When computing potential solar radiation at a coarser resolution, the DEM is first resampled and slope/aspect are recalculated at the target resolution:

catchment.topography.resample_dem_and_calculate_slope_aspect(
   resolution=100,
   output_path='path/to/output/dir/'
)

A hillshade can be generated for visualization purposes:

hillshade = catchment.topography.get_hillshade(
   azimuth=315,
   altitude=45,
   z_factor=1
)

get_hillshade() returns a 2D NumPy array of values in the range 0–255. It requires that the DEM has been loaded (catchment.extract_dem()); slope and aspect do not need to be pre-computed.
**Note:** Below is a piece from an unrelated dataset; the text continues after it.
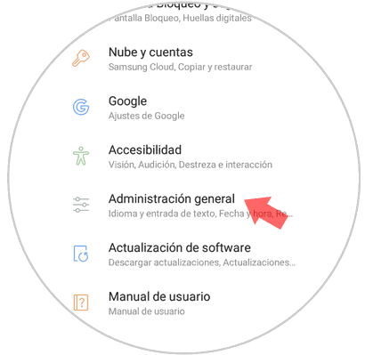 Ahora, dentro de ajustes, desliza hasta encontrar la opción “Administración general” y pulsa aquí.

Parameters (see also API):

resolution — target pixel size in meters; if None or equal to the DEM resolution, the original DEM is used without resampling.
output_path — directory where the resampled DEM GeoTIFF is written; required when resampling.

For get_hillshade():

azimuth — sun azimuth in degrees (0–360); default 315 (north-west).
altitude — sun elevation angle in degrees (0–90); default 45.
z_factor — vertical exaggeration factor to amplify relief; default 1.

Catchment discretization

CatchmentDiscretization divides the catchment into hydro units. It is accessible via catchment.discretization, but most workflows call it through the Catchment convenience methods catchment.discretize_by() and catchment.create_elevation_bands().

Elevation bands only

For models that need elevation-based units only, use the create_elevation_bands() shortcut:

catchment = hb.Catchment(outline='path/to/watershed.shp')
catchment.extract_dem('path/to/dem.tif')
catchment.create_elevation_bands(
   method='equal_intervals',
   distance=100,
   min_elevation=1800,
   max_elevation=3200
)

Parameters (see also API):

method — 'equal_intervals' (default): fixed contour spacing set by distance; 'quantiles': equal-area bands set by number.
number — number of bands for the 'quantiles' method.
distance — band spacing in meters for the 'equal_intervals' method; default 50.
min_elevation / max_elevation — force the elevation range, useful to keep band boundaries consistent across runs.

Multiple criteria

To combine elevation with aspect, slope, radiation, or sub-catchment membership, use discretize_by(). The criteria argument is a list of any combination of 'elevation', 'aspect', 'slope', 'radiation', and 'sub_catchments'.

catchment.discretize_by(
   ['elevation', 'aspect'],
   elevation_method='equal_intervals',
   elevation_distance=50,
   min_elevation=1900,
   max_elevation=2900
)

Additional keyword arguments control each criterion independently:

Parameter	Description
`elevation_method`	`'equal_intervals'` (use `elevation_distance`) or `'quantiles'` (use `elevation_number`); default `'equal_intervals'`.
`elevation_distance`	Band spacing in meters; default `100`.
`elevation_number`	Number of bands for the quantiles method; default `100`.
`min_elevation` / `max_elevation`	Force the elevation range.
`slope_method`	`'equal_intervals'` or `'quantiles'`; default `'equal_intervals'`.
`slope_distance`	Band spacing in degrees; default `15`.
`slope_number`	Number of slope bands for quantiles; default `6`.
`min_slope` / `max_slope`	Force the slope range (degrees); defaults `0` / `90`.
`radiation_method`	`'equal_intervals'` or `'quantiles'`; default `'equal_intervals'`.
`radiation_distance`	Band spacing in W/m²; default `50`.
`radiation_number`	Number of radiation bands for quantiles; default `5`.
`min_radiation` / `max_radiation`	Force the radiation range.
`sub_catchments`	Path to a vector file of sub-catchment polygons; required when `'sub_catchments'` is in `criteria`.

Note

Aspect is always split into four cardinal-direction classes (N, E, S, W) and has no configurable parameters.

Sub-catchments

Including 'sub_catchments' in the criteria keeps a hydro unit from spanning spatially-distant areas: each DEM cell is assigned to the sub-catchment polygon covering it, and units are formed within a single sub-catchment. The polygons must cover the whole catchment; if any part of the catchment is left uncovered, an error is raised (the area is not silently dropped).

catchment.discretize_by(
   ['elevation', 'sub_catchments'],
   elevation_distance=50,
   sub_catchments='path/to/sub_catchments.shp'
)

The resulting sub-catchment id of each unit is stored as the sub_catchment hydro-unit property.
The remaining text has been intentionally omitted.